The most incisive guide to issues facing the American family today . . . An invaluable resource for anyone wishing to stay on the cutting edge of research on family trends.

-W. Bradford Wilcox
Associate Professor of Sociology, University of Virginia 

Getting Children to Eat Right


Bryce J. Christensen and Robert W. Patterson


Because they see everything though an economic lens, left-leaning commentators typically invoke differences in household income to explain the advantages enjoyed by children growing up in intact families. But evidence continues to mount suggesting that those advantages reflect cultural and behavioral patterns not easily reduced to dollars and cents. One more piece of such evidence may be found in a study of adolescents’ eating habits conducted by researchers at the Lithuanian University of Health Sciences.

To assess eating habits of young adolescents, the researchers analyzed data collected between 2002 and 2010 from fifth, seventh, and ninth graders enrolled in approximately one hundred schools scattered across Lithuania. Though less decisive than rural vs. urban residence, family structure emerged as a notable influence on children’s eating habits. “According to our data,” the researchers report, “family structure was a significant predictor of nutrition inequalities among Lithuanian adolescents.” In particular, the researchers find that, when compared with peers in non-intact families, the girls in their study who lived in intact families were eating significantly less of unhealthy snack foods (p = 0.035) and significantly more of healthy vegetables (p = 0.001). The researchers thus conclude that “non-intact families have decreased overall nutrition,” compared to intact families.

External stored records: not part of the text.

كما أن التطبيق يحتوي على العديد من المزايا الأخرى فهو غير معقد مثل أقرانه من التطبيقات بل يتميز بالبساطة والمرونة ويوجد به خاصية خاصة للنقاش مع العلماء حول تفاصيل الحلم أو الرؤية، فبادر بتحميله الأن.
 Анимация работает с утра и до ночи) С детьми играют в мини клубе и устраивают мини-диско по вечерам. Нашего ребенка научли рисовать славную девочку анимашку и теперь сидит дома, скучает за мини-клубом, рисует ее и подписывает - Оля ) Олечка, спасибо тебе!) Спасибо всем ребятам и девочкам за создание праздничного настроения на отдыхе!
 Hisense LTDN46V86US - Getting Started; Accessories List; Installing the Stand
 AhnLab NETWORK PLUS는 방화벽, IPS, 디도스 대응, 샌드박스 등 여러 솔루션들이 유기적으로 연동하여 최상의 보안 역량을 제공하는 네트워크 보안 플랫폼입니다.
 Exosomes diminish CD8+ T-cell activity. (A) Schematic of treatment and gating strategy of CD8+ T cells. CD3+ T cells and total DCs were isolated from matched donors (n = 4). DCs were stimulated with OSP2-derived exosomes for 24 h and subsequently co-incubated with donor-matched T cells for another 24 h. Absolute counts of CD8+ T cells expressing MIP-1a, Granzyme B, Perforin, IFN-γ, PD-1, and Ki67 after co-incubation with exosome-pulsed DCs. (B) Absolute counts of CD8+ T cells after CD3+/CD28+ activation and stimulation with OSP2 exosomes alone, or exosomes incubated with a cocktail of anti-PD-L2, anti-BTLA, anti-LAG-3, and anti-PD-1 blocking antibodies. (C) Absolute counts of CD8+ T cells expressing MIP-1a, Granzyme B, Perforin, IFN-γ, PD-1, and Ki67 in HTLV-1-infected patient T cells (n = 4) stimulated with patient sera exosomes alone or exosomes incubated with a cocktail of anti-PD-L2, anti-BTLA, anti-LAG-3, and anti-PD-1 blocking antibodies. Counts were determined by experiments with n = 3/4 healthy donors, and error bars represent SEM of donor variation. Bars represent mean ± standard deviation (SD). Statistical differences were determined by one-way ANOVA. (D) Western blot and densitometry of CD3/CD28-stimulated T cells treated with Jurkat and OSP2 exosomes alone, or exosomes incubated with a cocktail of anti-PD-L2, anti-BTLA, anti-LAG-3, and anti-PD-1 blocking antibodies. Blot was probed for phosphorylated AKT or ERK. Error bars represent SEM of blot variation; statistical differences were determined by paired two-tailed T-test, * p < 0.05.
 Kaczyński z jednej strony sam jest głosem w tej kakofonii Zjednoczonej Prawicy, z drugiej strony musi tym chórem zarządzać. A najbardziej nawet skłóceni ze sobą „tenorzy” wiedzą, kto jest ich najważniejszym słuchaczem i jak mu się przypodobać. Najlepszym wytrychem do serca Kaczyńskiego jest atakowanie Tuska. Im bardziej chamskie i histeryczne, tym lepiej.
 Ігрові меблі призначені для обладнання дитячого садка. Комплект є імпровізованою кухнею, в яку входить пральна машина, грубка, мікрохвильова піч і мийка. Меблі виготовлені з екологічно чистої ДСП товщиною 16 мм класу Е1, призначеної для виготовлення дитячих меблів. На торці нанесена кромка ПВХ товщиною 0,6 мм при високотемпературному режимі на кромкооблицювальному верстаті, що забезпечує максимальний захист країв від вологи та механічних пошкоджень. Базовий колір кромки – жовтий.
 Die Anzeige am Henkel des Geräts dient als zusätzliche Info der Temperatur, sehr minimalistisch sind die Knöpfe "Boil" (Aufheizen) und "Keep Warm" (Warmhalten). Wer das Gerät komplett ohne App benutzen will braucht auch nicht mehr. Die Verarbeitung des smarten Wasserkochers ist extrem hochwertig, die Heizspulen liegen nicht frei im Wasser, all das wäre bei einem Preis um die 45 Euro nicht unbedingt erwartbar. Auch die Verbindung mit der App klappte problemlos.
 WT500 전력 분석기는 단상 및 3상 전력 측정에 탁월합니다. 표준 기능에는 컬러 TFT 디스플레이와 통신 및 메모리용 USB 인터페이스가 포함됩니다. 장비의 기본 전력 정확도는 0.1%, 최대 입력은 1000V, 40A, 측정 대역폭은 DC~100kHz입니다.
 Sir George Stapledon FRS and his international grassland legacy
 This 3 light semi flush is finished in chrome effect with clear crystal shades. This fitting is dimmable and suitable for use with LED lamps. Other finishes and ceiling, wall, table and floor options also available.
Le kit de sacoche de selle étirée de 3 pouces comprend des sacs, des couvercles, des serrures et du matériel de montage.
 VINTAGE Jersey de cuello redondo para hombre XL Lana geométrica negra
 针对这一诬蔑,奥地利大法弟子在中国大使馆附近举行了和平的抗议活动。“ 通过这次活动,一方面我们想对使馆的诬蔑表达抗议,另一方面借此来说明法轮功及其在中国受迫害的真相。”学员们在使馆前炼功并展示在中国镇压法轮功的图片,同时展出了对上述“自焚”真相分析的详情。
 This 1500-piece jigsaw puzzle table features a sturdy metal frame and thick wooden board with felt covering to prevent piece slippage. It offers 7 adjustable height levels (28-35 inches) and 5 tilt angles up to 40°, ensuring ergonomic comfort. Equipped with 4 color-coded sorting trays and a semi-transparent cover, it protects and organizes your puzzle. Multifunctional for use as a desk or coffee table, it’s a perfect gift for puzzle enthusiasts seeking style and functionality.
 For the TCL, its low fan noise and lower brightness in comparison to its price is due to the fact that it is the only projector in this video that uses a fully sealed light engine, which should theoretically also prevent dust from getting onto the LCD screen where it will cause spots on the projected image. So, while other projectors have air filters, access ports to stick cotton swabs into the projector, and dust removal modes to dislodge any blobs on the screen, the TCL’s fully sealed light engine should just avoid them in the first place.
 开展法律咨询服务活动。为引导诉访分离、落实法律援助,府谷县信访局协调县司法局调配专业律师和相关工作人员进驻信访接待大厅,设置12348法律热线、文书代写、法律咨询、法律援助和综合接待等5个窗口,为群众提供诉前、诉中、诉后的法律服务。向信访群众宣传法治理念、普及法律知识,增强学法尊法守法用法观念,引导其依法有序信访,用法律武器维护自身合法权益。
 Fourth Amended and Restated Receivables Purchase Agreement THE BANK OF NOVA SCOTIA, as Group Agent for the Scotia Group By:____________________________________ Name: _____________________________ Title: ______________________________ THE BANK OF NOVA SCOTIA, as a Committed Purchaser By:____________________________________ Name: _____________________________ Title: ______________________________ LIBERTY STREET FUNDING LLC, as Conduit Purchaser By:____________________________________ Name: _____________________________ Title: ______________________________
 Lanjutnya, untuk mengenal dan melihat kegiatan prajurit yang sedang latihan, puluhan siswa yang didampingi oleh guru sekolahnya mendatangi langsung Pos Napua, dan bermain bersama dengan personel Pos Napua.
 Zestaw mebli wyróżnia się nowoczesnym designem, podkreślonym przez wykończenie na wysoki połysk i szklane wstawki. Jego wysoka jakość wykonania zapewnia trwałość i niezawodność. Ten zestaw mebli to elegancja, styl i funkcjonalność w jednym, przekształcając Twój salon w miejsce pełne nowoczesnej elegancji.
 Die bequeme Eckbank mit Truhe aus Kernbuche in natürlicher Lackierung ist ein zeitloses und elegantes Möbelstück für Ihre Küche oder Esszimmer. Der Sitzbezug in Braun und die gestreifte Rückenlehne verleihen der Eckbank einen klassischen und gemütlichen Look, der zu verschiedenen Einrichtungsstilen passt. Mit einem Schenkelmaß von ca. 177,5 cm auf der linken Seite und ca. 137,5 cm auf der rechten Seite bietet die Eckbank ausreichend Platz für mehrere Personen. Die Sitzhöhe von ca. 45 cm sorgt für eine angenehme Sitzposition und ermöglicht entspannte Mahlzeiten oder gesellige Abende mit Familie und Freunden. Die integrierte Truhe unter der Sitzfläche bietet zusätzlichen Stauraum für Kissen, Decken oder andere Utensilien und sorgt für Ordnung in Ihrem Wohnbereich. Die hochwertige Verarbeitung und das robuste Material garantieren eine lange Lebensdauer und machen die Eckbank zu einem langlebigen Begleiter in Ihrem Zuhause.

Understandably, the researchers interpret their findings against the backdrop of “previous studies . . . suggesting [that] significant differences exist between ‘healthy’ and ‘unhealthy’ food consumption among children living in intact and non-intact families, which are mainly related to divorce.” These earlier studies have identified “psychological factors after divorce . . . [as] a large influence on a child’s nutrition and health.”

Because health professionals need to understand the “reasons for . . . healthy and unhealthy food consumption,” the researchers urge their colleagues to scrutinize “social determinants . . . as the main factors that might influence nutrition among school-aged children.” Family structure stands out as a social determinant deserving attention. After all, the researchers found that “more than a quarter (26.7%) of the children [in their study] lived in non-intact families” and that “this proportion grew significantly” during the eight years the study was in progress.

At a time when America is struggling with runaway health-care costs and when more than a quarter of her children live in non-intact families, this study speaks directly to American circumstances.

(Apolinaras Zaborskis et al., “Trends in Eating Habits among Lithuanian School-Aged Children in Context of Social Inequality: Three Cross-Sectional Surveys 2002, 2006, 2010,” BMC Public Health 12 [January 19, 2012]: 52.)